Leggings, trainers, coffee: how to dress for the good life

Model wearing athleisure
Photography: Tom J Johnson. Styling: Melanie Wilkinson Photograph: Tom J Johnson/The Guardian

One of the things fashion does is give us a snapshot of what an aspirational day looks like at a moment in time. Which is another way of saying that the reason lots of people now dress in outfits a bit like the one in this photo – in a way that suggests their plans for the day involve a fitness activity and then grabbing a cup of coffee – is because that is what the good life looks like.

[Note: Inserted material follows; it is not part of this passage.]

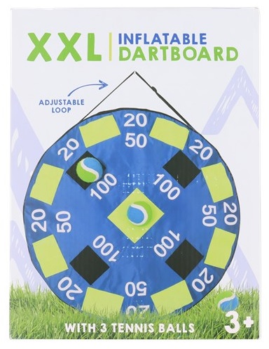 Poręczna, nadmuchiwana, materiałowa (polyester) tarcza do gry w rzutki 'rzep'.

I call this look “coffee run clothes”. By which I mean any outfit that you could feasibly wear to go for a run, but is also pleasing enough to stop off at a posh cafe. Coffee run – coffee, and a run, geddit? – is to the zeitgeist what the ladies-who-lunch look was a few decades ago. Back then, a cute skirt suit and kitten heels suggested your day revolved around shopping and pushing a fancy salad around your plate. So if you wore those clothes, you looked like you were winning at life, whatever you were actually doing.

Fitness (could be running, boxing, pilates – pick your poison) has since replaced shopping as the favoured leisure pursuit of the in-crowd. The 2023 equivalent of the socialites who used to relax over lunch at Le Caprice after a hard morning on Bond Street are the celebrities who get photographed in athleisure and a cashmere baseball cap, yoga mat under one arm, buying a take-out oat flat white that cost the best part of a fiver. The 1950s and 1960s had Truman Capote’s “Swans” sipping cocktails at the Plaza hotel in New York. We have Gwyneth Paltrow and Emily Ratajkowski spotted leaving a SoulCycle spin class.

You may not think Gwyneth Paltrow’s lifestyle has anything to do with yours. You don’t use an Oscar as a doorstop. You don’t have a spa in your basement. But it seems to me that the celebrities our culture obsesses over, the people we choose as our avatars, tell us a lot about what we think an ideal world looks like. And right now, that is a world of athleisure and barista coffees. Strange, yes, but true.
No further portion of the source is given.